I'd like to see a story in which an average-sized lady hooks up with an SSBHM and slowly becomes a BBW or SSBBW, herself.:smitten:


----------



## skinnie minnie (Dec 15, 2011)

I really wish I could help you out. I've never seen any. I'm still trying to find time to finish MY one and only story.


----------



## The Educator (Dec 20, 2011)

Still no one? There must be someone out there with the necessary awesomeness to write such a story


----------



## Lovethefat (Jun 30, 2012)

Does this count? http://fictionmania.tv/stories/readtextstory.html?storyID=13365824174750674

It is a rare thing ideed!


----------



## Coop (Jul 2, 2012)

imfree said:


> I'd like to see a story in which an average-sized lady hooks up with an SSBHM and slowly becomes a BBW or SSBBW, herself.:smitten:




The closest thing I can think of is Man, Woman, Buffet by Wilson Barbers.


----------



## growinluvhandles (Jul 10, 2012)

I am intrigued by this idea myself -- the notion of changing not only one's weight but one's gender.
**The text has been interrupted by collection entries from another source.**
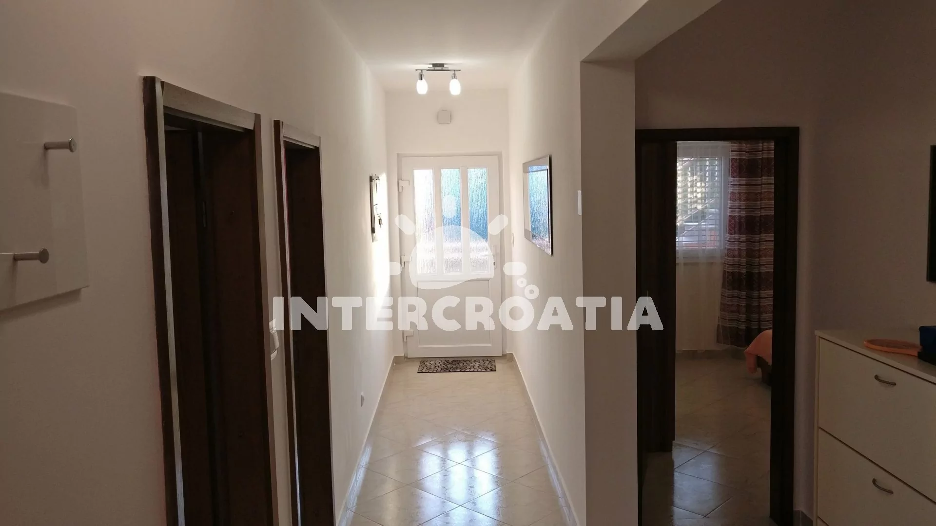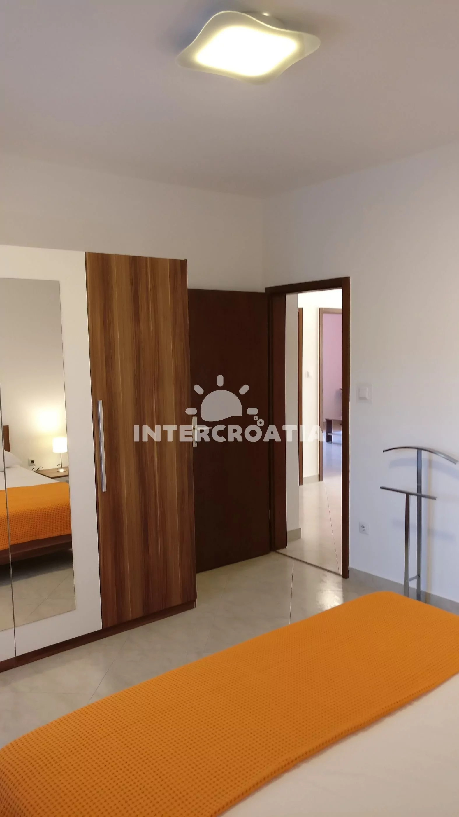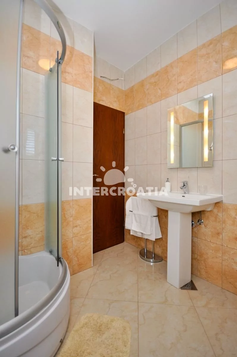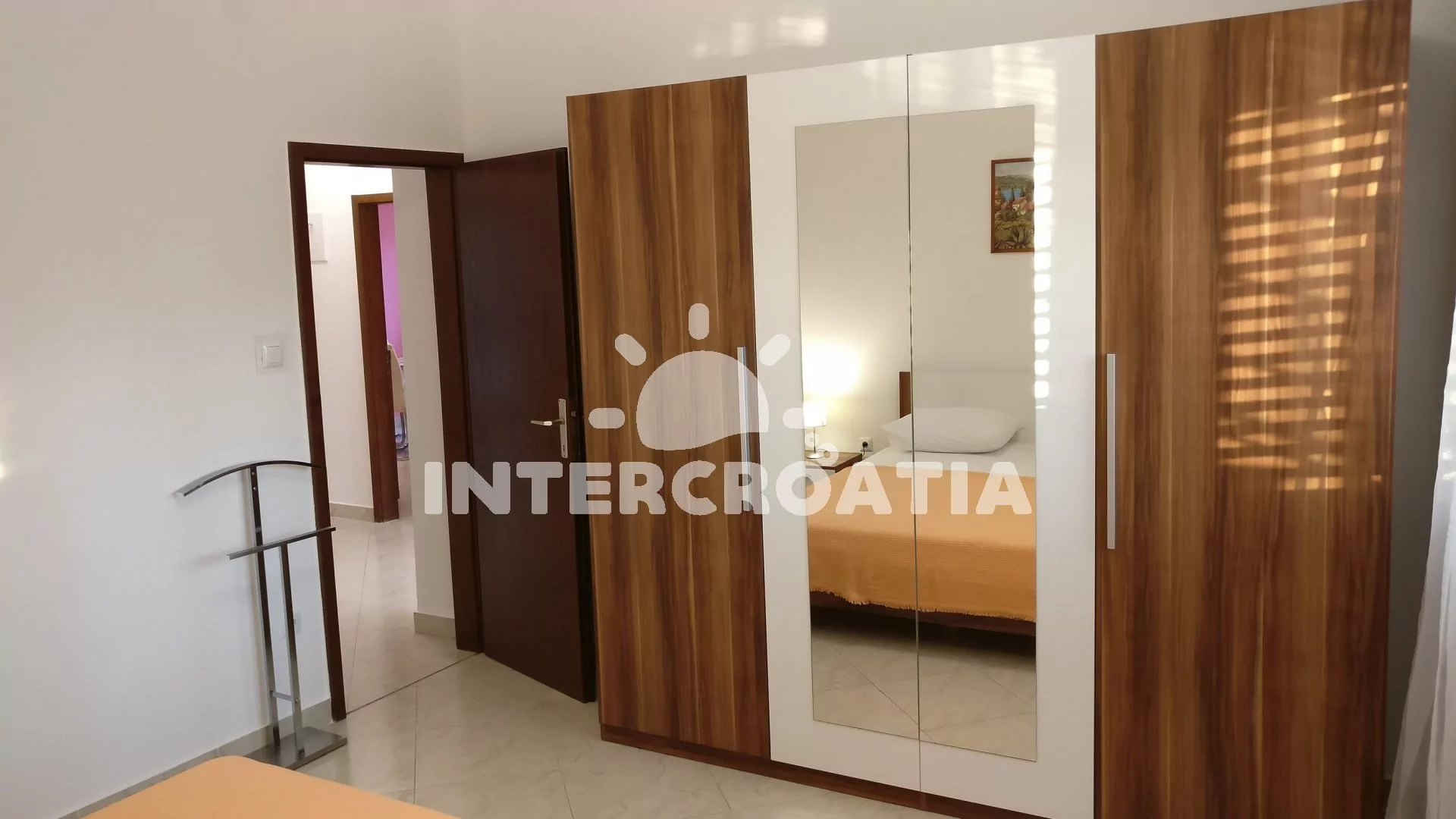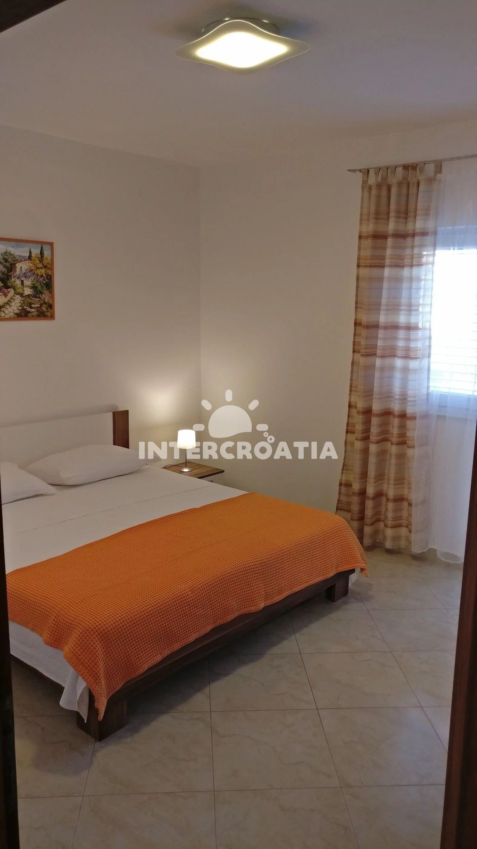 Velmi dobře vybavený apartmán v prvním patře vily s balkonem a výhledem na moře. Apartmán je vhodný pro 4 až 6 osob. Obývací pokoj je spojený s kuchyní. Kuchyňská linka je vybavena sklokeramickou varnou deskou, vestavěnou troubou, digestoří, myčkou na nádobí, mikrovlnnou troubou, kávovarem, rychlovarnou konvicí, toustovačem, nádobím a lednicí s mrazákem. Obývací pokoj s jídelním stolem pro 6 osob, rohovou pohovkou (rozložitelná na extra lůžko pro 2 osoby, televizí se satelitním programem, DVD přehrávačem, radiem, klimatizací a vstupem na balkon. První i druhá ložnice je vybavena vždy s jedním dvoulůžkem. První koupelna se sprchovým koutem, umyvadlem, fénem, pračkou, bidetem a wc. Druhá koupelna se sprchovým koutem, umyvadlem a wc. V apartmánu je sejf, žehlička a dětská postýlka. Hostům je k dispozici parkování u objektu zdarma.
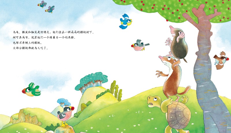 乌龟、鼹鼠和鼬鼠在樱桃树底下捡到一颗蛋,蛋里面到底是什么呢?三个小伙伴本来打算吃掉蛋里孵出的小鸟,但是,随着相处的时间越来越长,他们和小鸟成了好朋友,小鸟还经常衔着樱桃,给三个小伙伴吃呢。
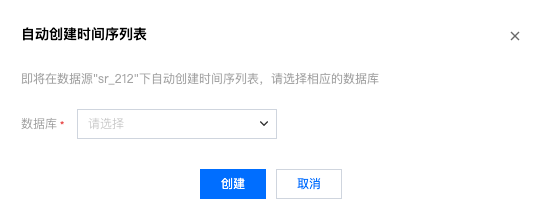 当选择自动创建后,需要用户在弹窗中指定数据库,确定后系统会自动在所选数据库下创建时间序列表。
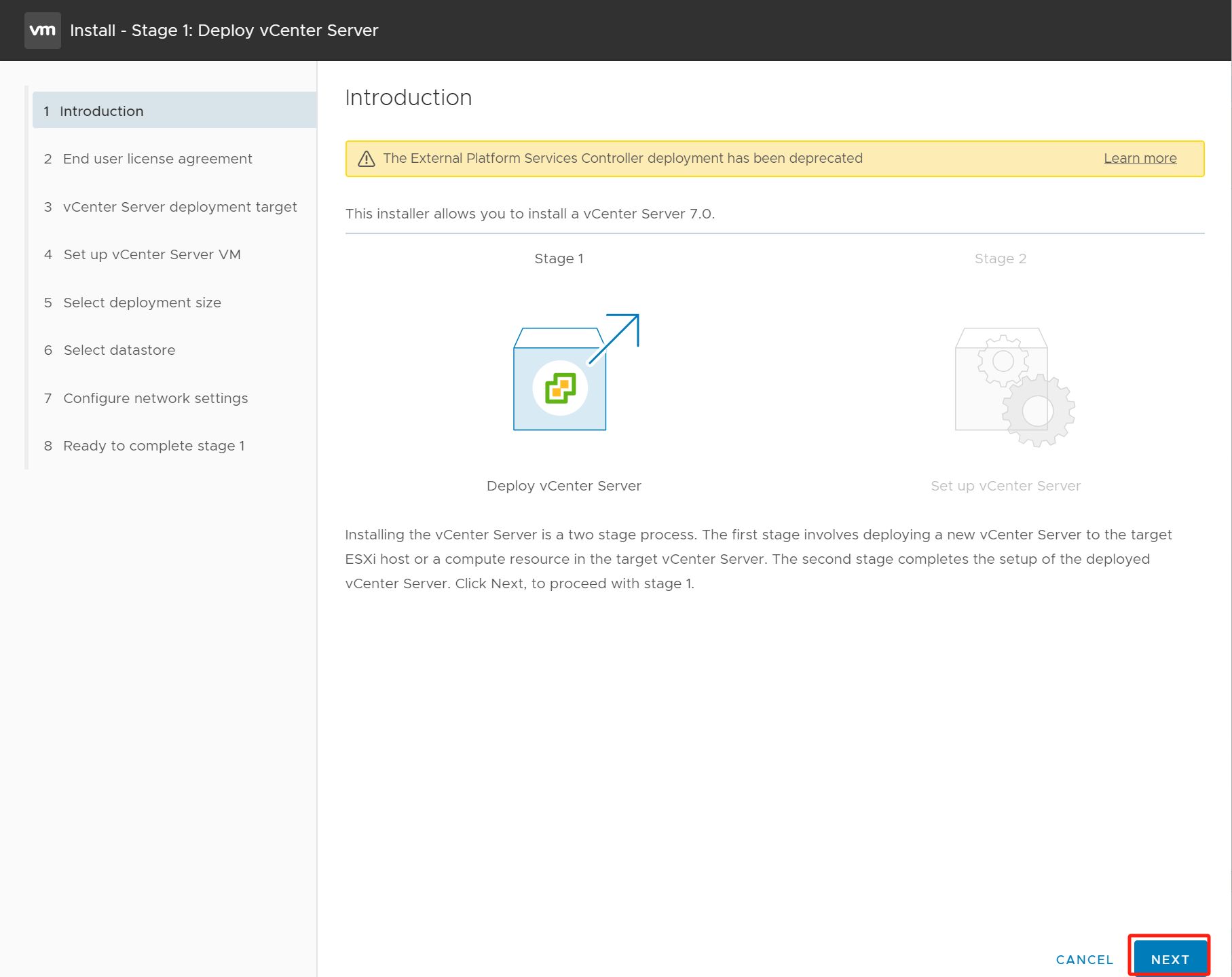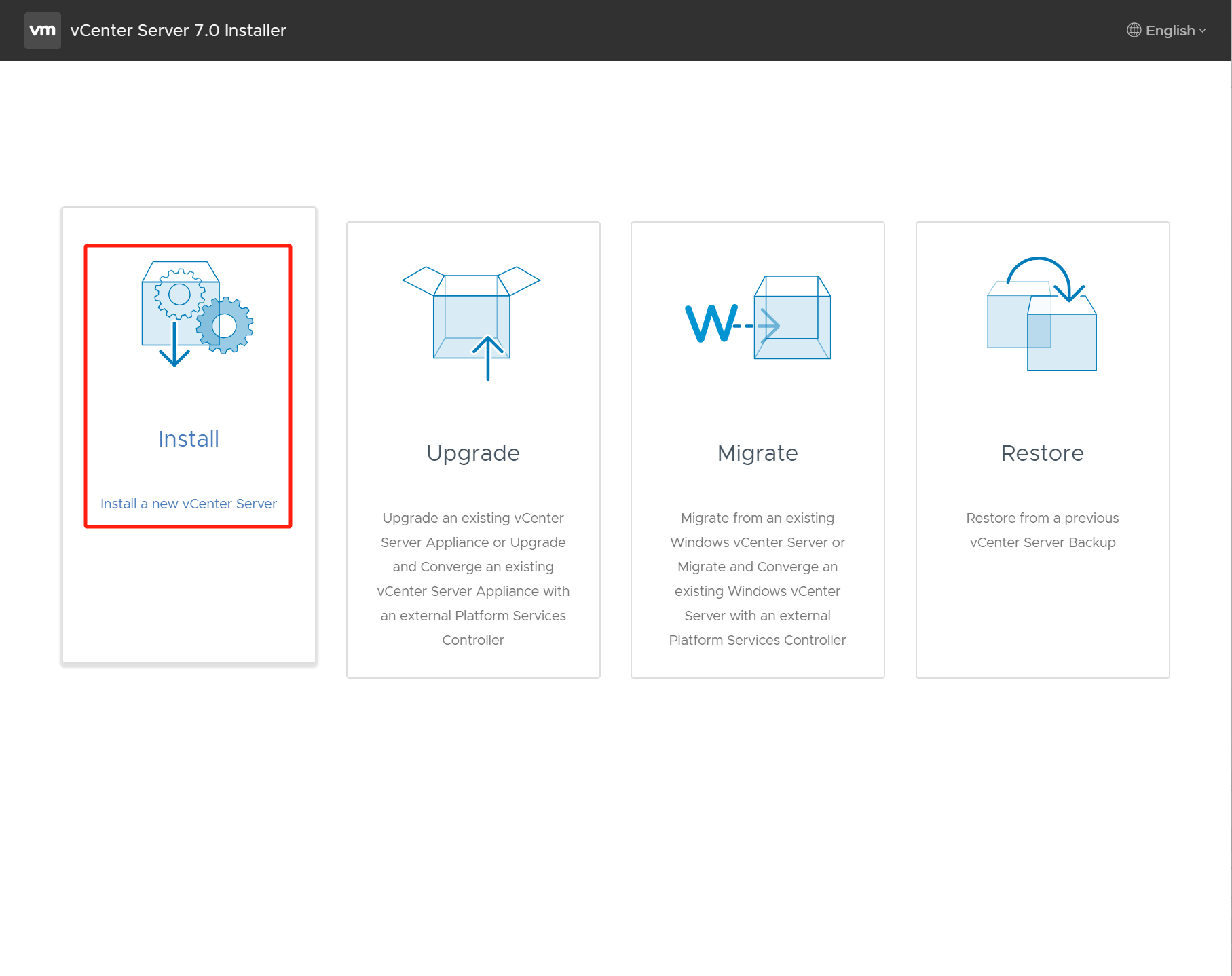 1.下载相应版本的Vcenter软件,之后进行安装【VMware-VCSA-all-7.0.0-15952498\vcsa-ui-installer\win32\install.exe】
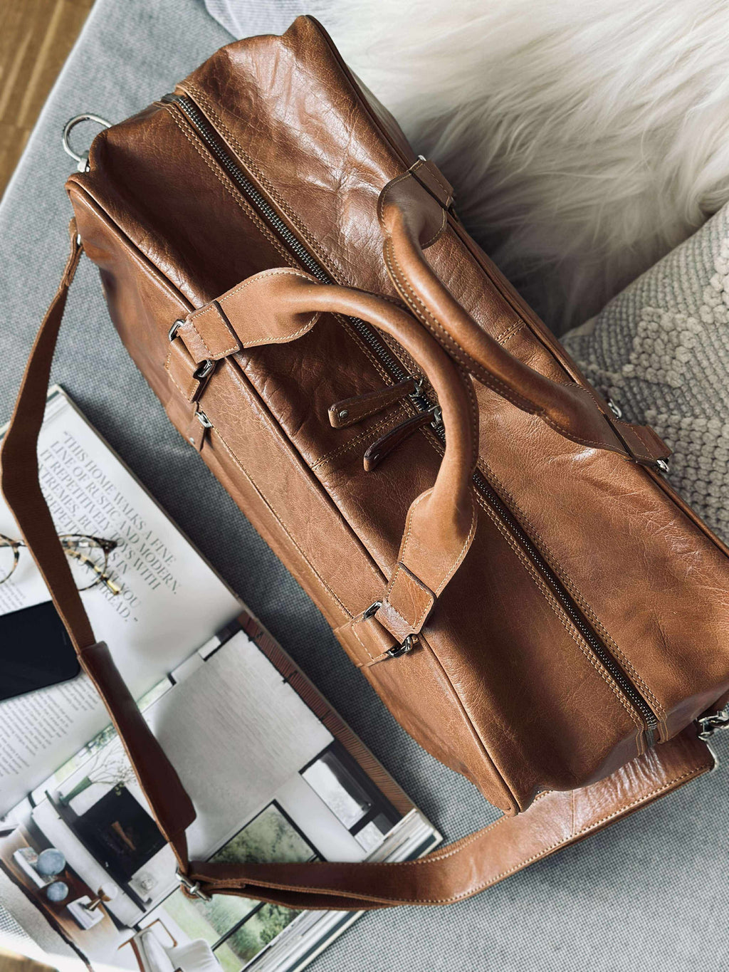 Juliane læderrejsetaske forener klassisk elegance med funktionelt design, hvilket gør den til det ideelle valg til weekendture og spontane rejser. Fremstillet af førsteklasses læder tilbyder Juliane både stil og praktisk anvendelighed, uanset hvor din rejse fører dig hen.
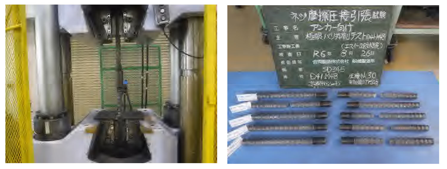 両社は、直接、ねじ加工を施す方法ではなく、摩擦圧接の技術を活用し、鉄筋本来の有効断面積を確保し、削孔の小径化を検討し、鉄筋の有効断面積より大きい有効断面積を持つねじを、鉄筋端部に摩擦圧接により接合し、あと施工アンカー材とすることに成功したものだ。摩擦圧接は品質管理の行き届いた工場で実施され、引張試験により鉄筋(SD345)の降伏点又は耐力(345N/mm2)、および引張強度(490N/mm2)以上の機械的性質であることを確認している。
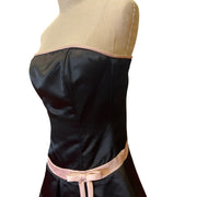 This elegant strapless dress features a sophisticated combination of black and pink satin, elegantly tailored to accentuate the silhouette. The bow detail at the waist adds a touch of charm and refinement, while the flared skirt provides graceful movement. Its sleek lines and classic color palette make it a timeless addition to any wardrobe.
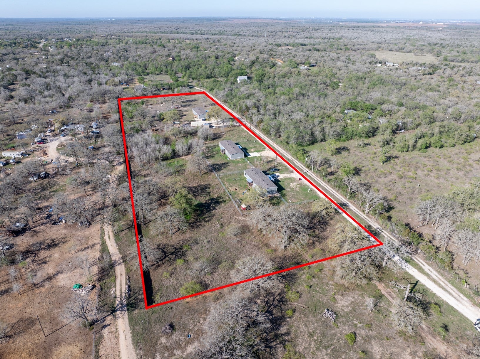 Amazing opportunity to purchase two side-by-side lots totaling 8 acres in the up-and-coming Cedar Creek area. The property includes three newer mobile homes with current tenants in place, each renting for $2,000 per month. Lot A features two mobile homes and Lot C include one mobile home, providing immediate rental income and great potential for future growth in a rapidly developing area.

I have actually talked with women who experience this fantasy. Part of this fantasy has to do not only with becoming a man but becoming hyper-masculine -- hairier (with facial and chest hair), more muscular through the chest and arms even (thought with a large hard potbelly).

Of course, some women simply fantasize about being men -- "penis envy" and all that you know.

So why wouldn't there be quite a few who fantasize about becoming big fat handsome men?

I think the power shift in such a story could be amazing -- with "big in size" meaning "more powerful" and more sexually charged, just as many big men are powerful and lustful. And many women (as well as gay men) certainly find part of the appeal of having a bigger partner in that power, the kind of power when someone wraps his big arms around you and protects you.

This seems like such a great idea for a story. I am surprised no one has tried it yet. I am going to do this story myself at some point. It just seems too good of an idea to not do so.


----------



## Wilson Barbers (Jul 16, 2012)

Coop said:


> The closest thing I can think of is Man, Woman, Buffet by Wilson Barbers.



"Man, Woman Buffet," of course, can be found here.


----------



## The Educator (May 6, 2015)

Still nothing?


----------